TotalEnergies claims positive effect on biodiversity
TotalEnergies addresses some of these issues in its vigilance framework.
The company writes that more than 700 households — roughly 5,000 people — have been offered land-for-land agreements. It also claims that its project will positively affect biodiversity, partly through the re-introduction of rhinoceros in some areas.
In court, TotalEnergies’ lawyers focused on formalities — asking the judge to declare the case inadmissible for procedural reasons.
“The plaintiffs are obstinate to turn this into an emblematic case, but in the face of fury and noise, TotalEnergies addresses this case with serenity,” the company’s other lawyer Antonin Levy said.
“We should focus on what’s essential — that is, the judge’s scope of competence,” he added.
Case ‘could set a precedent’
Kamalia Mehtiyeva, a law professor at the University of Paris-Est Creteil, said she thinks other international companies will hardly feel serene watching the case unfold.
“It’s the first time that national judges in one country preside over a compensation case regarding potential harm done abroad based on the duty of vigilance — this could set a precedent,” she told DW.

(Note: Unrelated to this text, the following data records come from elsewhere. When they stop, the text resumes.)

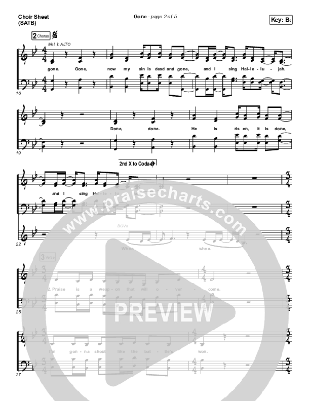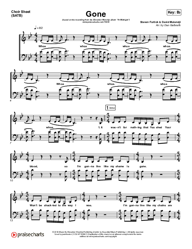 Download the Choir Sheet for Gone by Elevation Worship, from the album At Midnight. This song was arranged by Daniel Galbraith in the key of A, Bb, E, Eb, F, G.
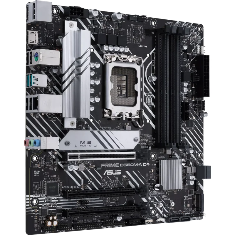 Материнская плата ASUS PRIME B660M-A D4-CSM ориентирована на построение компьютерной инфраструктуры в офисной и корпоративной сферах деятельности. Она оснащена чипсетом Intel B660 с поддержкой процессорного разъема LGA 1700. Для подключения оперативной памяти объемом до 128 ГБ есть 4 слота DIMM DDR4. Установить дискретную графику можно с помощью 3 слотов PCI-E x16. Накопители HDD/SSD подключаются к платформе посредством 2 разъемов M.2 и 4 слотов SATA. В плате ASUS PRIME B660M-A D4-CSM реализован сетевой адаптер Ethernet со скоростью 1 Гбит/с для проводного доступа к Интернету. На панели ввода/вывода расположены порты USB, видеовыходы DisplayPort и HDMI, коннекторы аудио. Для централизованного управления и администрирования предусмотрено программное обеспечение ASUS Control Center Express, которое предлагает средства мониторинга и информационной безопасности.
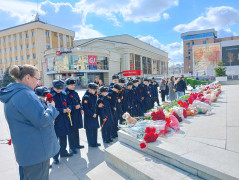 Завершая экскурсию по центру Ставрополя, кадеты почтили память погибших в теракте в «Крокус Сити Холле», возложив цветы у подножия «Ангела» на Александровской площади.
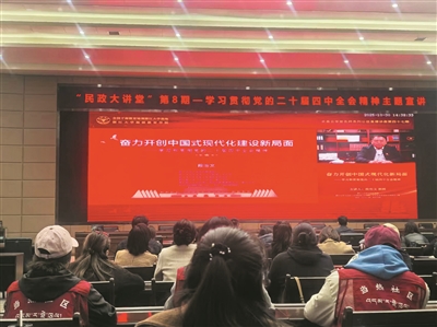 拉萨融媒讯(记者次仁卓玛)10月30日下午,城关区八一街道当热社区作为共建单位,组织干部职工代表参加自治区民政厅举办的学习贯彻党的二十届四中全会精神主题宣讲会,以精准学习推动全会精神在基层落地生根。
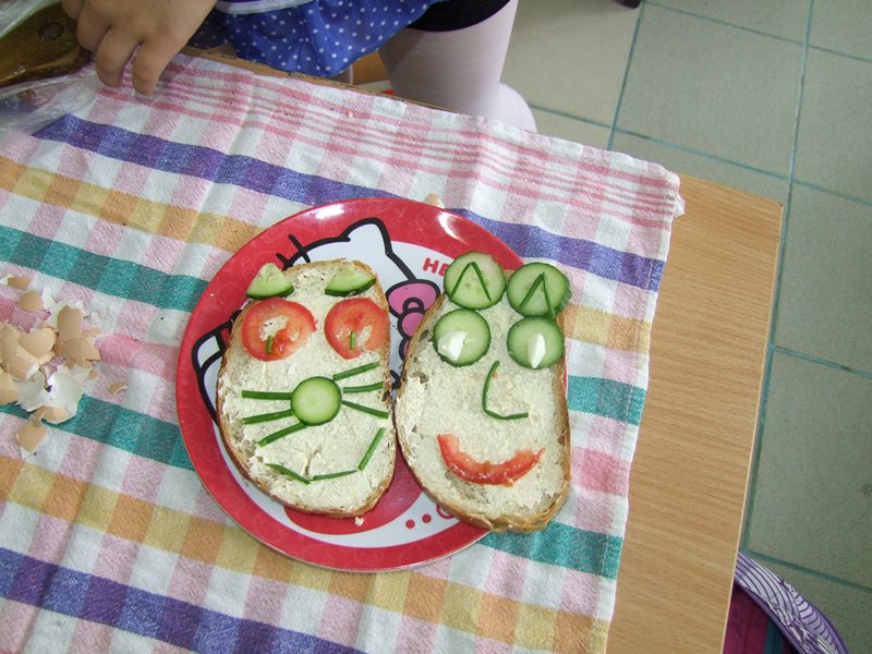 Po wielu emocjach, których dostarczyły nam eksperymenty, przyszedł czas na zrobienie kolacji, dzieci samodzielnie zrobiły sobie przepyszne kanapeczki i posprzątały po sobie.
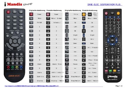 Ein Dokument ist enthalten, um die Verwendung der neuen Fernbedienung zu erleichtern, indem es die Tastenbelegung zeigt.
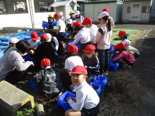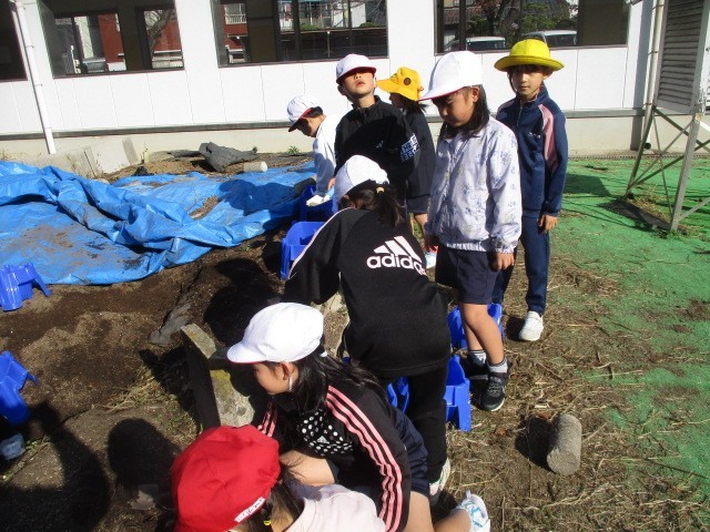 あさがおの植木鉢にチューリップの球根を植えました。カラスにねらわれて、いたずらをされるので、西側の中庭に移動させました。カラスは賢いので、気を付けて育てます!
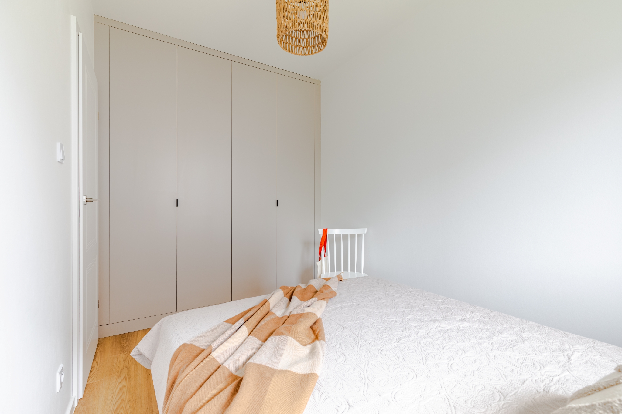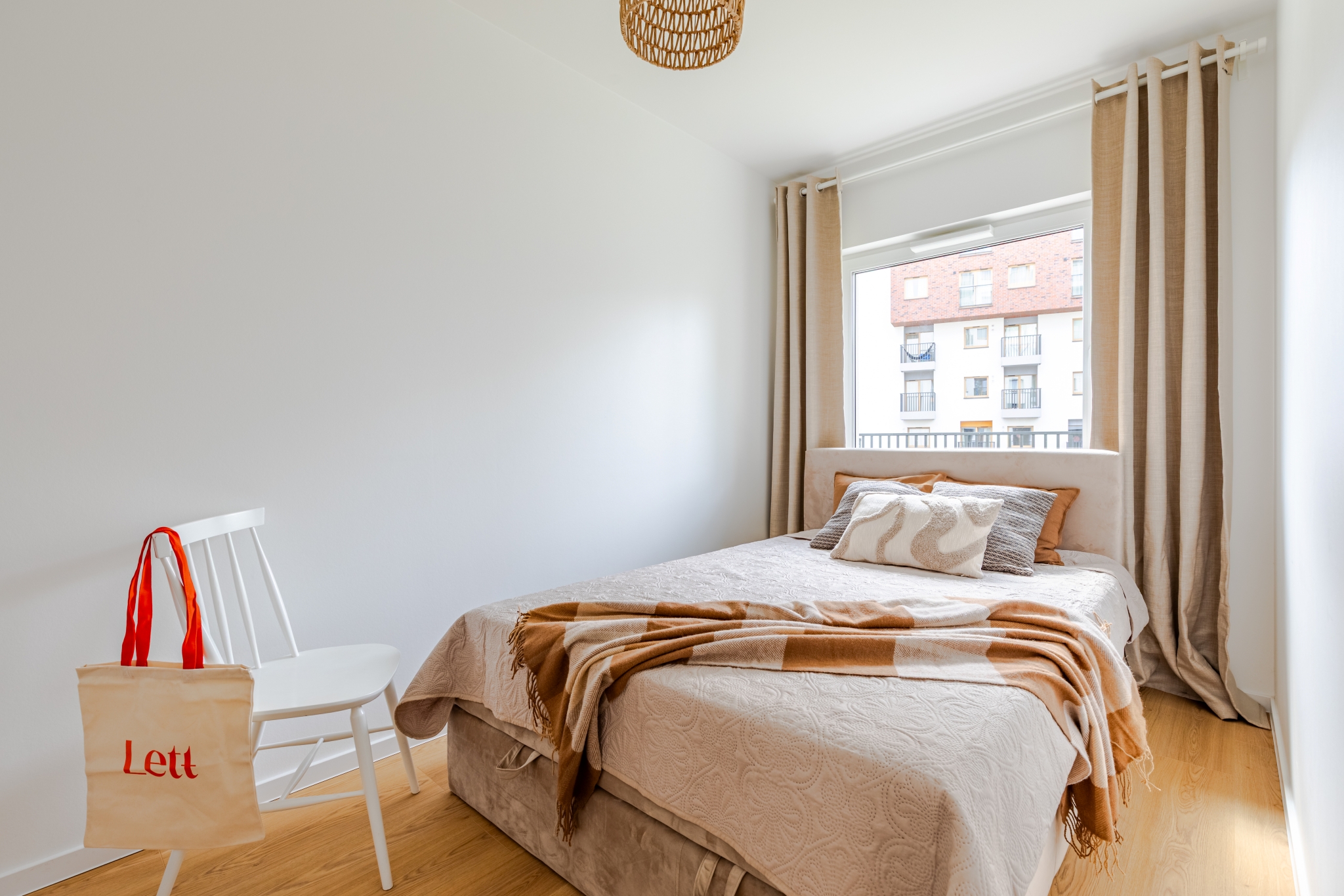 Apartament 2 pokojowy został zaprojektowany z myślą o maksymalnym komforcie – posiada wyraźnie oddzieloną strefę dzienną oraz sypialnianą. Duże okna zapewniają dostęp do naturalnego światła, a balkon pozwala cieszyć się świeżym powietrzem w cieplejsze dni. Kuchnia w nowoczesnej zabudowie wyposażona jest w wysokiej jakości sprzęt AGD: piekarnik, płytę grzewczą, lodówkę z zamrażarką oraz zmywarkę. Przemyślany układ przestrzeni ułatwia codzienne funkcjonowanie, a w łazience znajdziesz prysznic, praktyczne schowki oraz pralkę. W mieszkaniu przewidziano miejsce na przechowywanie rzeczy osobistych, a dodatkową przestrzeń możesz łatwo wynająć w piwnicy. Drewnopodobna podłoga i jasna kolorystyka ścian tworzą przytulną atmosferę. W salonie znajduje się także telewizor. Dla komfortu i bezpieczeństwa mieszkańców, palenie jest zabronione w mieszkaniach, na balkonach oraz na terenie całego budynku. Wydzielono strefę dla palących na zewnątrz.

“The law creates a real economic risk for multinationals, as their activities can be suspended if there’s no adequate vigilance framework,” Mehtiyeva added.”Plus, judges can impose a daily penalty until the framework is updated.”
For Afiego’s Kamugisha, the court case is a beacon of hope.
The group is also involved with five cases in Ugandan courts to stop various parts of the oil and gas project. It has also brought the matter in front of the East African Court of Justice, the judicial body of the East African Community, which includes Uganda, Tanzania, Kenya, Burundi, Rwanda, the Democratic Republic of Congo and South Sudan.
“So far, we have not seen any justice in Ugandan and regional courts. That’s why we decided to take this to France, a developed democracy. Our hope is that the case in France can give us justice,” he said.
The Paris court decision is expected on February 28.
But a ruling in Paris to stop the Tilenga project is just one of the NGOs’ goals, said Juliette Renaud, senior campaigner at FoE.
“Through this court case, we are asking for a suspension of the Tilenga and Eacop works, as the oil drillings and pipeline buildings are imminent,” she told DW. “But this legal case is only one tool in our fight, which goes further through national and international mobilization. We want Total[Energies] to abandon these projects.”